Чапура, прищурясь, уселся на лавку у стены:

— Чего пришёл? — спросил враждебно и холодно.

— Погоди звереть, — неожиданно миролюбиво сказал Волчий Хвост, плотнее запахнув на груди плащ-коцу. — Разговор есть…

Двое кметей на забороле сперва не слышали ничего, видели только как воевода зашёл в клеть, в которой держали голову. Невольно переглянулись. Потом до них долетел полный злобы выкрик Чапуры:

— Тать! Проклинаю! Поди прочь!

Распахнулась дверь, Волчий Хвост выскочил из клети, как ошпаренный. Он обернулся, словно хотел что-то сказать, но дверь уже захлопнулась. Военег Горяич дико огляделся, заметил обоих кметей, и они мгновенно отскочили от края стены, — не попасть бы под горячую руку. Они уже не видели, как воевода, сгорбясь, задвинул на двери тяжёлый засов и медленно побрёл к крыльцу терема, подволакивая ноги.

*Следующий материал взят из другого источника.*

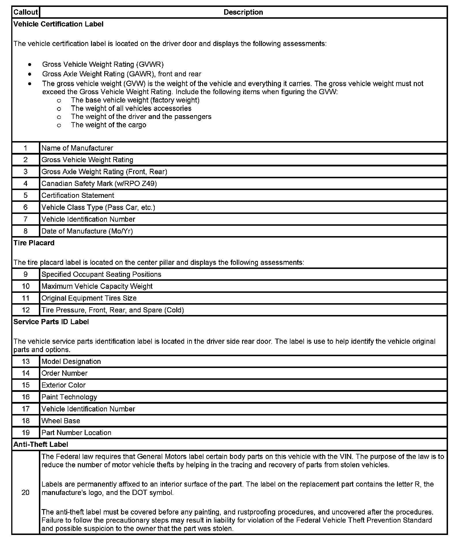 Label - Vehicle Certification, Tire Place Card, Anti-Theft And Service Parts ID:

Куда и делась его знаменитая волчья стать?

А над сползающим с града туманом и радостно-горластой перекличкой петухов на высокую жердь судорожными рывками вползал чёрный прапор.

Жар, поутру выйдя полунагим во двор, случайно глянул в сторону крепости и остоялся. Замер, не отрывая глаз.

Над головной вежой, вздетой над валами сажен на пять, там, где ещё вчера трепетал багряный стяг Владимира с белым падающим соколом, ныне реяло чёрное полотнище с серебряной каймой по краю.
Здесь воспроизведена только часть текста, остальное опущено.